FDP-Ständerat Andrea Caroni (Appenzell A. Rh.) wollte den Totalabsturz der Vorlage verhindern und beantragte dem Ständerat, die Vorlage an die Rechtskommission des Ständerates zurückzuweisen mit dem Auftrag, die Aktienrechtsvorlage wirschaftsverträglicher auszugestalten.

SVP-Ständerat Hannes Germann (Schaffhausen) verlangte die Rückweisung der Vorlage an den Bundesrat.

Nach der Eintretensdebatte hat sich der Ständerat mit 23 zu 21 Stimmen hauchdünn für den Antrag von Ständerat Andrea Caroni und gegen den Antrag von Hannes Germann entschieden.

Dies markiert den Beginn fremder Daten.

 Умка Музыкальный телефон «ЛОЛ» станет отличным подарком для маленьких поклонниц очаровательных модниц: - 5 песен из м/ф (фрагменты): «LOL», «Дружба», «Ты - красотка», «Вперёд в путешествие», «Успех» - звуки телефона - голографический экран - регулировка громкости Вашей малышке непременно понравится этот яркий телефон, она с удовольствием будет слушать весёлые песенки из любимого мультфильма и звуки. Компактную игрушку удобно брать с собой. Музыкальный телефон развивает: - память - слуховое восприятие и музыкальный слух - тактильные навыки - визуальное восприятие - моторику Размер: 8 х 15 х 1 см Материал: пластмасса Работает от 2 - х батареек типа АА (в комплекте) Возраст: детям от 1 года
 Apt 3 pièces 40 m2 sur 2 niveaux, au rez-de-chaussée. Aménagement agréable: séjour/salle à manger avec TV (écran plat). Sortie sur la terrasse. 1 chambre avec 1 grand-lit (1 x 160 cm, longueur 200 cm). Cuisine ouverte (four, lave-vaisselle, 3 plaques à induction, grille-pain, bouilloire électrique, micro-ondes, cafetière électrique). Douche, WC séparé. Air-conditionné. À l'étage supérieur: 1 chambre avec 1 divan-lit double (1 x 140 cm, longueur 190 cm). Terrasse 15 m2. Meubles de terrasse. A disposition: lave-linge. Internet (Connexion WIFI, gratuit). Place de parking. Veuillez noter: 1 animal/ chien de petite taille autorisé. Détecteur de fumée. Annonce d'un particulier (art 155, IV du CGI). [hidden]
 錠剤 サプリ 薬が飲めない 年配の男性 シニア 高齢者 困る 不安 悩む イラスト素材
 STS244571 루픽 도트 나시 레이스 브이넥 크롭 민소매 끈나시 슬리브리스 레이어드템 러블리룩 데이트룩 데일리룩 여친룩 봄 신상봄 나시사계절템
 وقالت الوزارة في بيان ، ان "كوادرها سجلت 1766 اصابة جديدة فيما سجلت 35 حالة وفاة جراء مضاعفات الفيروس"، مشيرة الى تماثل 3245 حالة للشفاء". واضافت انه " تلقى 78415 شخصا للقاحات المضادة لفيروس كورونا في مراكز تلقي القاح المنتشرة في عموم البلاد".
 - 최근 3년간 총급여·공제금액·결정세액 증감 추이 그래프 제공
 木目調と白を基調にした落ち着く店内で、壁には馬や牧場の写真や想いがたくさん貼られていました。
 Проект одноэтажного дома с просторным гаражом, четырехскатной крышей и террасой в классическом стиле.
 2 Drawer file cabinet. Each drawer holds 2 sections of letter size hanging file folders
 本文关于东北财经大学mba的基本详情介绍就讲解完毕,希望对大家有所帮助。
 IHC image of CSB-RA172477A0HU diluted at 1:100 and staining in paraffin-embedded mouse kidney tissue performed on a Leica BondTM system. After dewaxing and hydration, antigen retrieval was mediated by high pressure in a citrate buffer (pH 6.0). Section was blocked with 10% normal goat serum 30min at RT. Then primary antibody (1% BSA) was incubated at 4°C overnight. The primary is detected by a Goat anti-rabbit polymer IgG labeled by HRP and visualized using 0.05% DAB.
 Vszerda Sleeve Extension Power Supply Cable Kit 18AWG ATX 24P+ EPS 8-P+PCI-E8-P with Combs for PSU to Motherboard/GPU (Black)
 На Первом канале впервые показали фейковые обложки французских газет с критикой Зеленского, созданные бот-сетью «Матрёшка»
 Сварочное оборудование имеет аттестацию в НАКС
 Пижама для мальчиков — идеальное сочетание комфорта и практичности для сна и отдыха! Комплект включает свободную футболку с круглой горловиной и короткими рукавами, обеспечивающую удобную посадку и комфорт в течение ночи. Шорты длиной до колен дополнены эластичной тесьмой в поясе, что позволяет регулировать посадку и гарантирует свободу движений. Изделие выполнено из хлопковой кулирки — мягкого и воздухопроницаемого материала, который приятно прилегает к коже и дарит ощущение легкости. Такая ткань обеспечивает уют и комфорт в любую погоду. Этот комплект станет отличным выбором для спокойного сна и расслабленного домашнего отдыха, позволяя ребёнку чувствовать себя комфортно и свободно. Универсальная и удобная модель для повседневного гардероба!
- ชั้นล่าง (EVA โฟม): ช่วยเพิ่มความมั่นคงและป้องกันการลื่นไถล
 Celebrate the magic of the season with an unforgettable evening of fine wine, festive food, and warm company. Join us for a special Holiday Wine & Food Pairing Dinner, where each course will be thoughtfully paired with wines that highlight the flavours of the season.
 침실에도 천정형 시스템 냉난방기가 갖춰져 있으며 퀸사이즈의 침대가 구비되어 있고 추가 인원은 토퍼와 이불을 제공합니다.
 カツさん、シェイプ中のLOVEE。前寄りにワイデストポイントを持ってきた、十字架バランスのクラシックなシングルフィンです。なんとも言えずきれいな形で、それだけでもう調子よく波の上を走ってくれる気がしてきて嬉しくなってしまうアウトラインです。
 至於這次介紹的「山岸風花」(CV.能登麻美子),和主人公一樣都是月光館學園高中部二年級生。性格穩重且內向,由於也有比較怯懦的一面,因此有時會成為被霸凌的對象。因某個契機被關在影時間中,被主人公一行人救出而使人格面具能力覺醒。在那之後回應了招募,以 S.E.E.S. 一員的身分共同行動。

In der zweiten Abstimmung stimmten schlussendlich 29 Ständeräte für den Antrag Caroni; 15 Ständeräte stimmten dagegen.

Diese Entscheide des Ständerates bedeuten, dass die Rechtskommission des Ständerates die Vorlage auf Basis des Entwurfs des Bundesrates und den Beratungen des Nationalrates mit dem Auftrag überarbeiten muss, die Aktienrechtsreform wirtschaftsverträglicher auszugestalten und insbesondere auf unnötige bürokratische Belastungen von KMU zu verzichten. Die in der Vorlage eingebauten Regulierungen sollen eliminiert werden.

Die unendliche (Leidens-) Geschichte der Aktienrechtsreform geht 2019 in eine weitere Runde.